では、どうしても人に優しくなれない時、私たちはどうしたらよいのでしょうか?

これは、正直、難しいですね(苦笑)方法は人それぞれ、いろいろあるとは思いますが、やはりひとつは「自分の状態に素直であること」ではないでしょうか?機嫌が悪い、気持ちに余裕がない自分をまずは素直に受け入れること。
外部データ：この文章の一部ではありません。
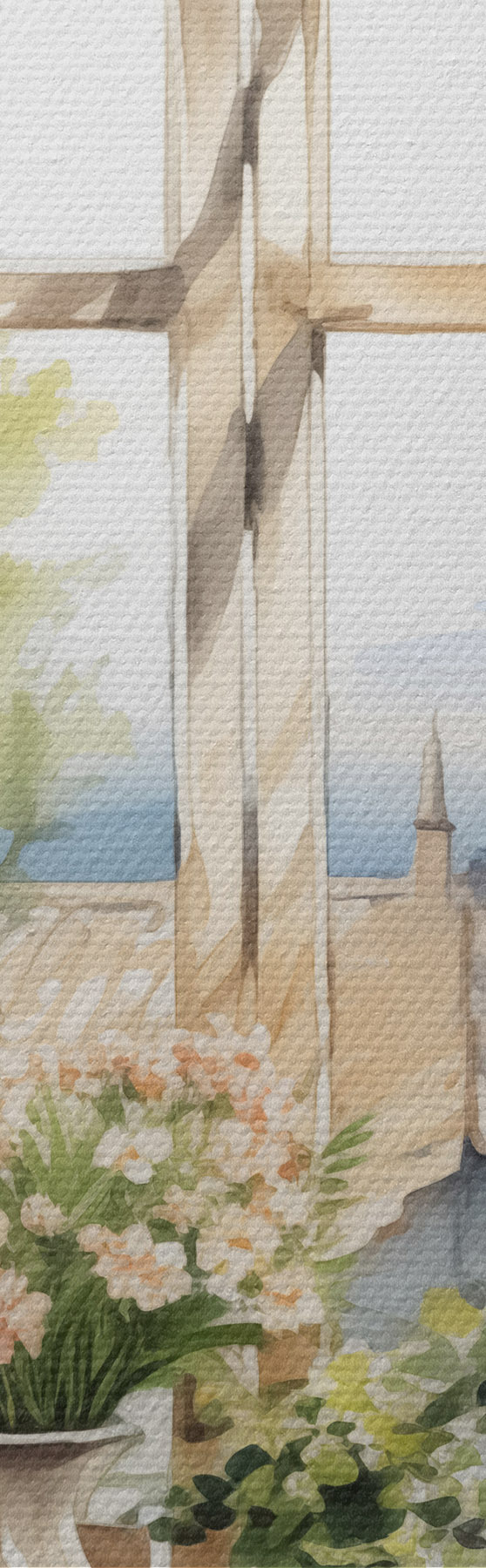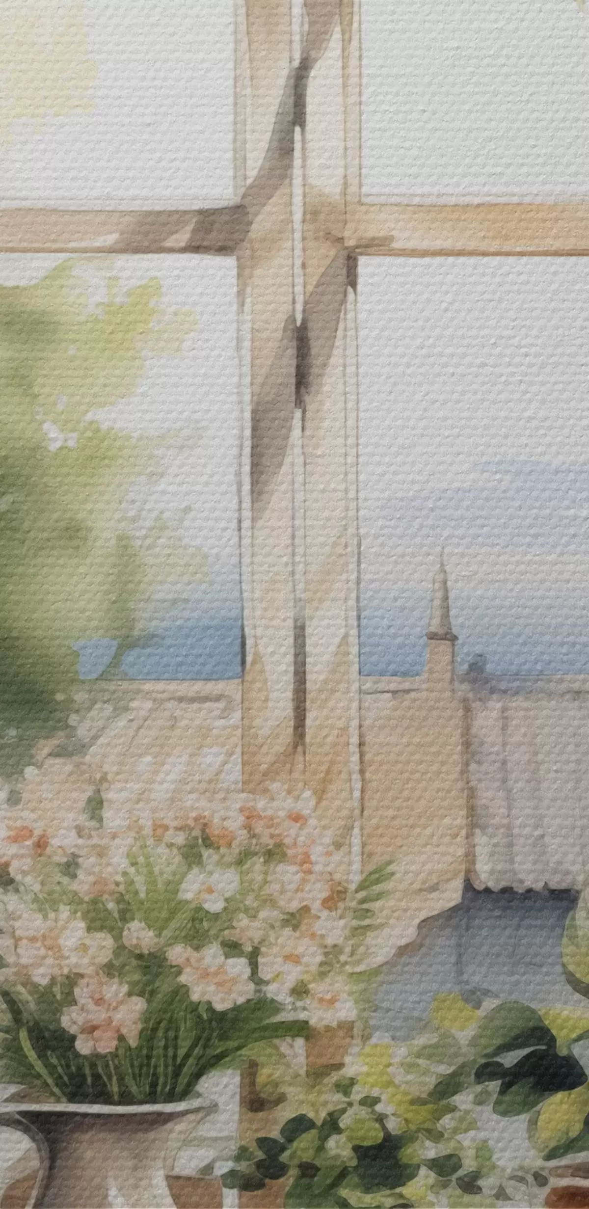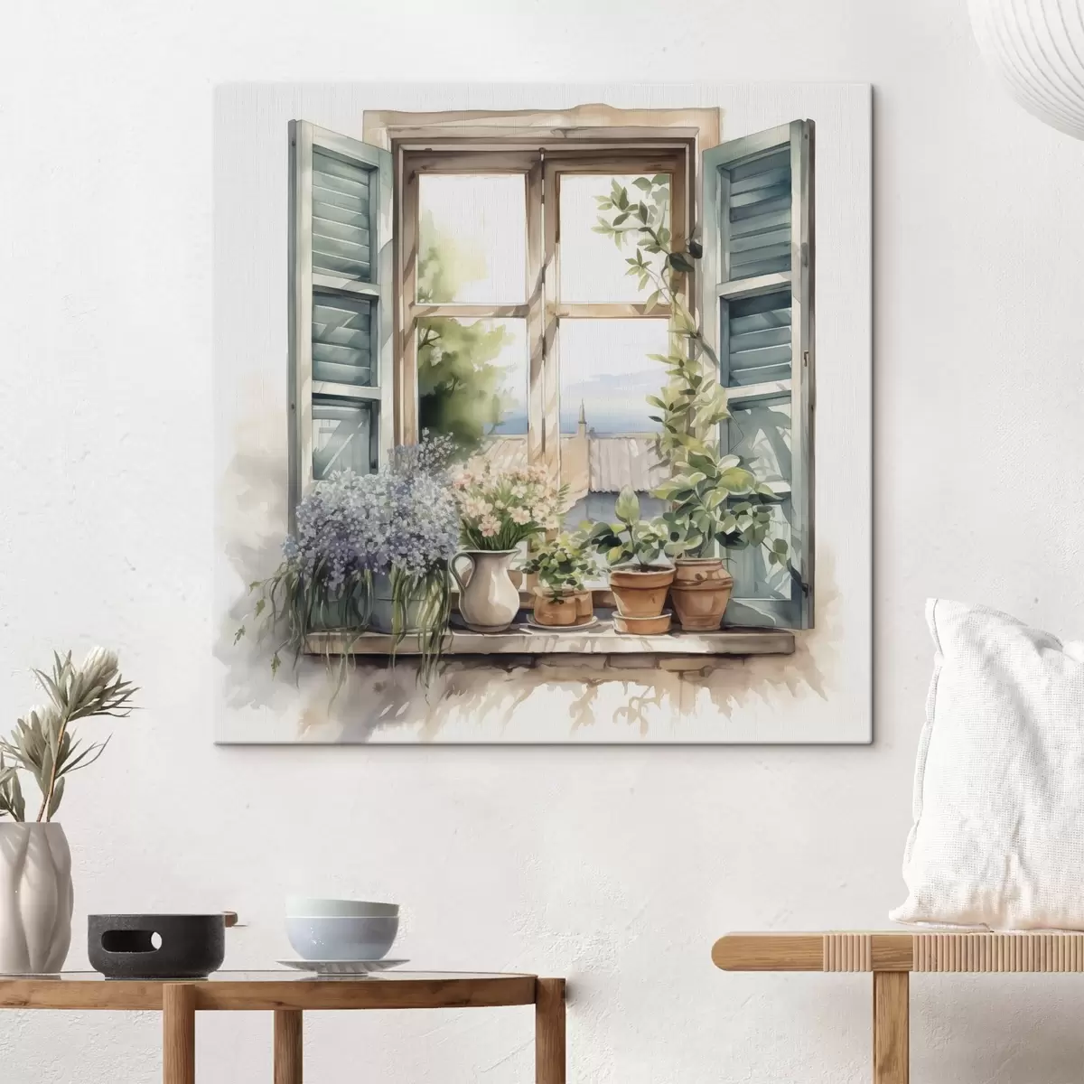 murales Vegetación en el alféizar de la ventana imitación de acuarela s42144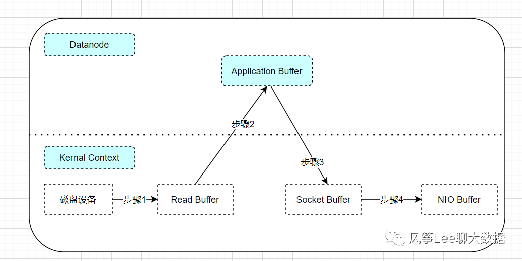 传统的文件IO操作,都是调用操作系统提供的系统调用函数read()或write()来执行读写操作,当前进程会由用户态切换到内核态,然后操作系统的内核代码负责将响应的文件数据读取到内核的IO缓冲区,最后再把数据从内核IO缓存区拷贝到进程的私有地址空间,完成一次IO操作。Datanode读取数据的操作如下图所示: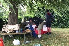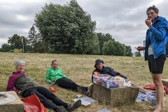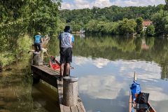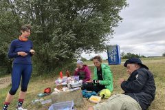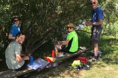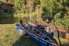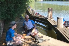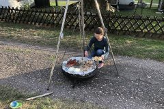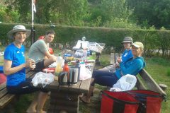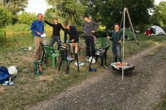 Der Bootssteg ist von einer zweiten Rudergruppe (Schulgruppe mit Lehrerin: „Zackzack“) komplett besetzt, eine Unterbringung der Boote an Land nicht möglich, sodass wir nach reiflichem Überlegen und Diskutieren die Boote AUF dem Steg vertäuen. Ein geliehener Grill samt Holzkohle ist eine gute Voraussetzung unseren Hunger zu stillen. Wolfgang hat einen leckeren Kartoffelsalat gezaubert. Heute Abend ist es kühl und die Mützen kommen zum Einsatz.

これが大事な事のように私は思います。自分の「今」の状態を受け入れられずに「私は優しくなくてはいけない」と思い込んでしまうと、それがストレスになり、余計に人に対しての態度が、きついものになってしまいます。「自分は今心に余裕がない」という事を自分自身がしっかりと認識した上で、相手によっては、今の自分の状態を正直に話し、「今は優しくできないと思う」と素直に伝えるのも方法のひとつでしょう。あえて、その日は、少しだけ人との接触を減らすこともひとつの手段だと思います。その時の為に自分の中に対処法を持っておく事は、よりよい人付き合いを続けるためには必要なことだと私は思います。

しかし、時には、そんな状態のときにも、人に優しく接しなければならない時はあるでしょう。その時はできる限りエネルギーを使って、自分のマイナスの気持ちが相手に移らないように努力しなくてはならないでしょう。そんな時は、必ず、がんばった自分にご褒美をあげて下さい。方法は人それぞれでいいと思います。ただしその時に使った莫大なエネルギーはしっかりと補充しておいて下さい。そうしなければ、「心に余裕のない」状態が長引いてくるかもしれませんから…

前回の「ライフライン」の話と重なってしまいますが、誰にでも、調子の良い時、悪い時はあります。自分の調子が悪いときは、自分に優しくしてあげることに重点を置いてあげましょう。そして、また調子が戻ったときに、人に優しくできればよいと、私は考えます。